SUNW is little better. How many Java-related products has SUNW released over the past two years? The JDK is still under construction, HotJava remains a research demonstration, JavaBeans is still in the "white paper" stage, etc. In that same time MSFT has gone from a standing start to leading the pack in terms of actually shipped products. When Windows CE 2.0 hits later this year with full Java support they'll leapfrog SUNW in the "embedded Java" market too. Despite their protestations, SUNW has already lost effective control of the Java market not because MSFT is evil, but because SUNW hasn't delivered the goods. A war of words will never match the war of products that MSFT continues to unleash.
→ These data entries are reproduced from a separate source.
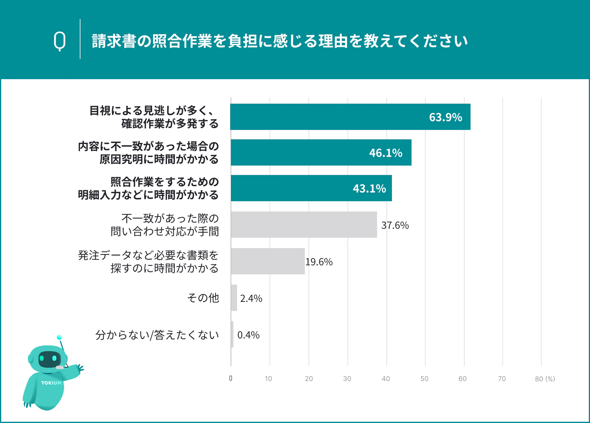 請求書の照合を負担に感じる理由として、「目視による見逃しが多く、確認が多発する」(63.9%)や「内容に不一致があった場合の原因究明に時間がかかる」(46.1%)、「照合をするための明細入力などに時間がかかる」(43.1%)が多くあげられています。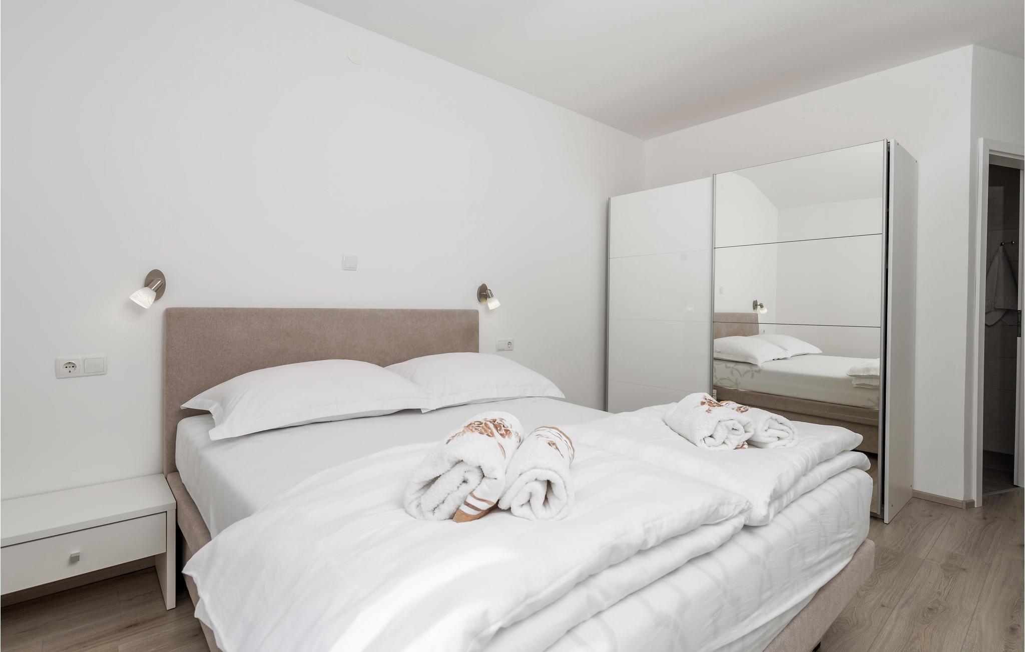 Sandstranden kan nås på få minutter til fods, så I får rig mulighed for at bade og sole. Øen Rab byder på mange oplevelser og aktiviteter, smukke bugter og flotte strande.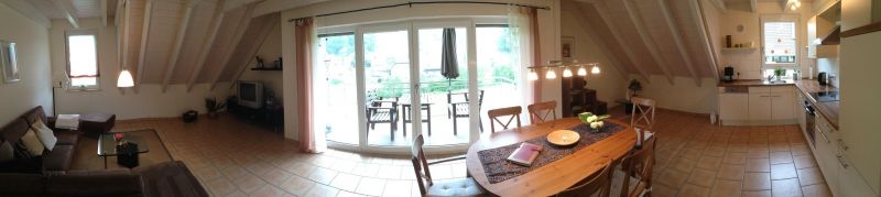 - großes Wohn-/Esszimmer mit Panorama-Aussichtsbalkon udn Markise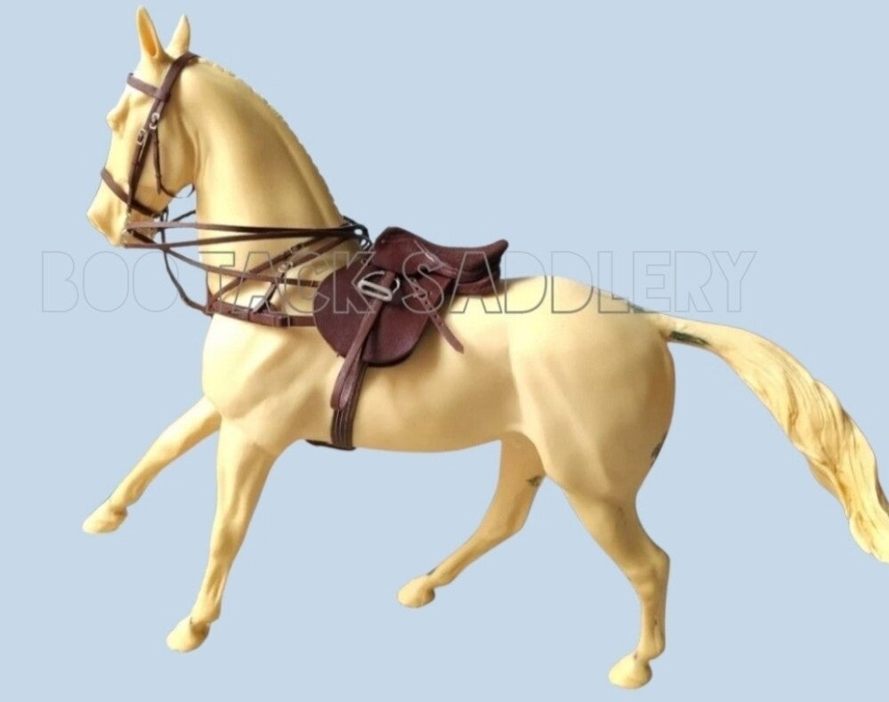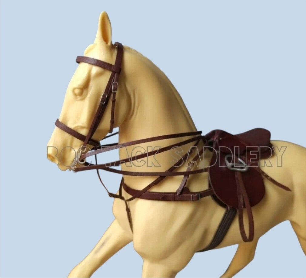 Leather polo set complete with: pelham bridle with draw reins, standing martingale, breastplate and polo saddle with suede seat.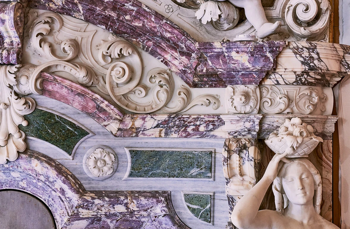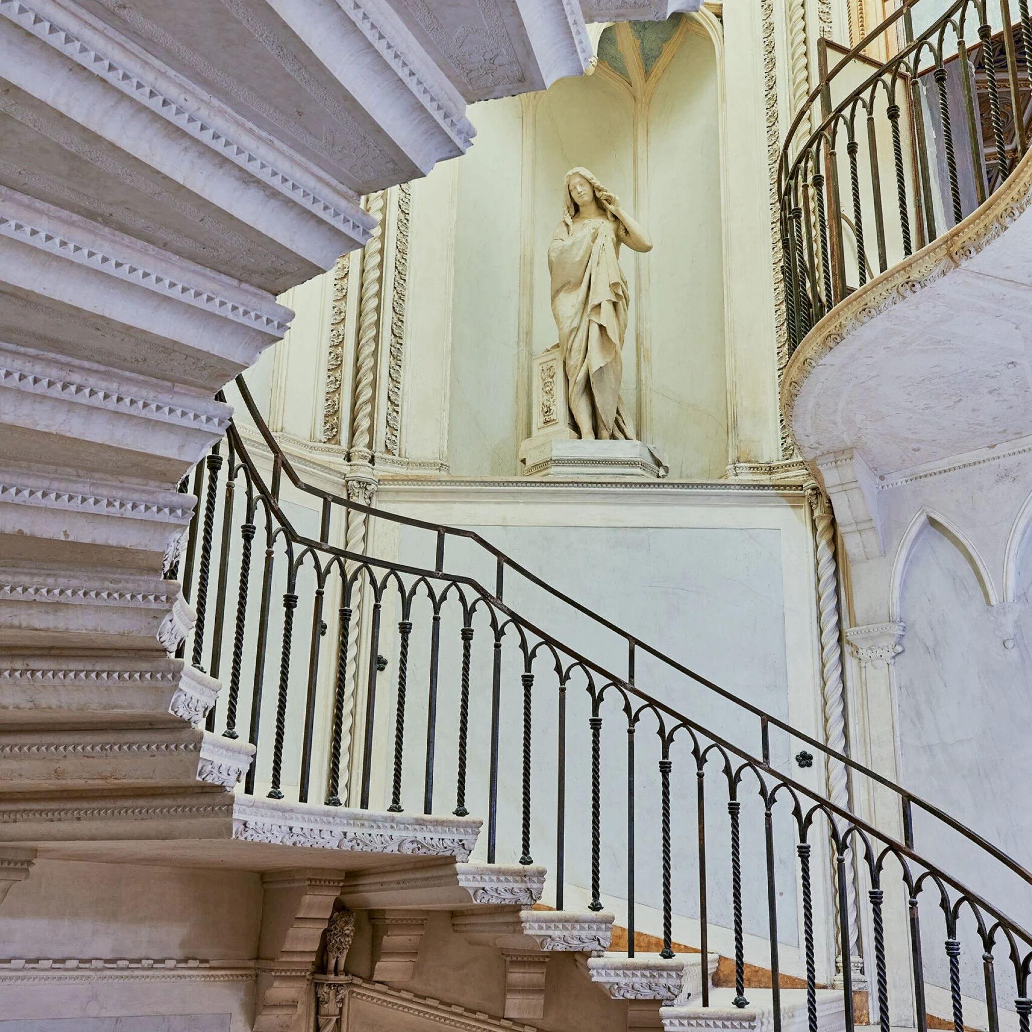 On the main floor, or piano nobile, many salons and ballrooms are home to 800 years of history. It is a journey through the ages, a blend of baroque, neoclassical and gothic styles along with the splendour of Eastern fantasy. The rooms are decorated with patterns, mosaics, stucco, paintings, frescoes tinted with forgotten colours and wonderful cherubs. The walls abound in enigmas never meant to be solved.
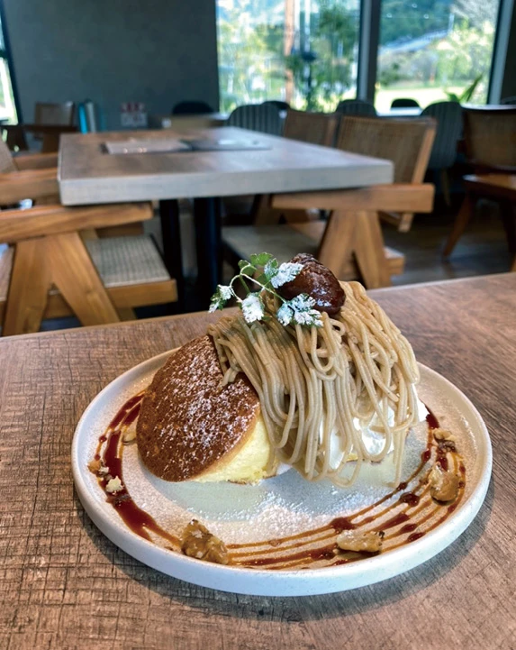 写真の「和栗モンブランパンケーキ」(1280円)はシカモアカフェの秋のイチオシメニュー。チェックイン前、チェックイン後に、ゆったりカフェで過ごすのもおすすめです♪

Static analysis will never reveal just how powerful MSFT has become. It is their ability to move rapidly and accurately to exploit new market opportunities more than anything else which has earned them their place as the technology leader. It's not enough to have a strategy. One must execute that strategy and be able to react nimbly in an environment of constant change. MSFT has demonstrated its mastery of this process while its rivals (with the notable exception of NSCP) have simply "talked the talk".